You can quickly stop a bot in its tracks via your website’s .htaccess file. For instance, earlier today I found a bot called DataForSeoBot that was grinding a website to a halt. The bot used this user agent:
"Mozilla/5.0 (compatible; DataForSeoBot/1.0; +https://dataforseo.com/dataforseo-bot)"
The following rule returns an error 403 (“forbidden”) if the user agent contains the (case-insensitive) string “dataforseobot”:
RewriteEngine On RewriteCond %{HTTP_USER_AGENT} "dataforseobot" [NC] RewriteRule "^.*$" - [F,L]
The rule is similar to the rules I used in the article about denying access to URLs. It again uses Apache’s mod_rewrite module. The main difference is that the rule matches a user agent (%{HTTP_USER_AGENT}
) rather than a URL (%{REQUEST_URI}
).
So, the rewrite condition checks if the user agent includes the string dataforseobot, and the NC
flag ignores the case. It is worth noting that the double quotes around the string are redundant in this example – you only need them if the string you want to match contains one or more spaces.
Next, the rewrite rule matches any string ("^.*$"
) and the F
flag returns an error 403. The L
flag tells Apache to not process any other rules in the .htaccess file.
You can use a simple regular expression to match multiple user agents. For instance, another naughty bot I encountered recently identified itself as “trendkite-akashic-crawler”. To match both the DataForceSeoBot and the Trendkit crawler you can use this rule:
RewriteEngine On RewriteCond %{HTTP_USER_AGENT} "(dataforseobot|trendkite-akashic)" [NC] RewriteRule "^.*$" - [F,L]
As said, the above rules return an error 403 if the user agent is matched. To check if your rules are working you can therefore look for the user agent in your website’s access log. Here, you can see the bot tried to access /foo.html and that Apache returned an error 403:
1.2.3.4 - - [13/Dec/2021:13:59:06 +0000] "GET /foo.html HTTP/1.1" 403 0 "-" "Mozilla/5.0 (compatible; DataForSeoBot/1.0; +https://dataforseo.com/dataforseo-bot)"
If you have access to cURL then you also check your rules by spoofing the user agent:
$ curl -IL -A "Mozilla/5.0 (compatible; DataForSeoBot/1.0; +https://dataforseo.com/dataforseo-bot)" http://example.com/ HTTP/1.1 403 Forbidden ...
The curl command uses three options:
-I
returns just the server’s response headers, which includes the status code. It doesn’t download the web page.-L
makes cURL follow any redirects, such as a redirect from HTTP to HTTPS.-A
specifies the user agent that is sent to the server. This is what allows you to spoof the user agent.Ideally, you only need to tell what bots are and aren’t allowed to crawl your website via a robots.txt file. In practice, this approach doesn’t really work. There are too many bots, and new bots are let loose all the time. Keeping track of them quickly becomes a full time job.

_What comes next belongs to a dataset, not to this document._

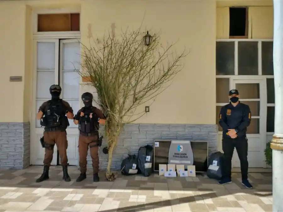 Personal de la División Toxicología, contando con el apoyo del G.E.P.E.R., procedieron bajo Mandamiento del Juzgado de Garantías, a realizar un allanamiento en Barrio Defensa Costera, con RESULTADO POSITIVO. En el lugar, se identificaron a tres personas, dos mayores y un menor y a la DETENCIÓN de una masculino mayor de edad. Además, se secuestró, 01 teléfono celular, 01 tv Smart de 50 pulgadas, 01 planta de marihuana con altura de 3,40 metros, con pesaje de 7,550 kg., 01 planta de marihuana con altura de 2,20 metros, con pesaje de 2,890 kg., 01 bolsa de nylon conteniendo marihuana en forma de pelota con pesaje de 25 gramos, 01 bolsa de nylon conteniendo picadura de marihuana con pesaje de 10 gramos, 09 cartuchos calibre 20 con munición plomo, marca ORBEA, 01 cartucho calibre 22, marca OA, 2 cajitas de papel para armar cigarrillos, dinero en efectivo por un total de $1290, 02 tallos de las plantas. Se comunicó al Fiscal en Turno, quedando el detenido por S/INFRACCION LEY 10566.- alojado en esta Jefatura previo ser examinado por el Medico policial.

There is the option to only allow specific bots. However, there are many bots that check if the bot is explicitly denied or allowed, and follow whatever the rule is for the Googlebot if the bot is not listed in the robots.txt file. This effectively gives them carte blanche, as very few websites deny the almighty Googlebot. Plus, there are also lots of bots that simply ignore robots.txt files.
In short, blocking naughty bots is a sensible approach. The bots will still try to crawl your website, but they are always denied access. Returning an error 403 uses hardly any resources, and the bots can therefore no longer cause your website to slow down.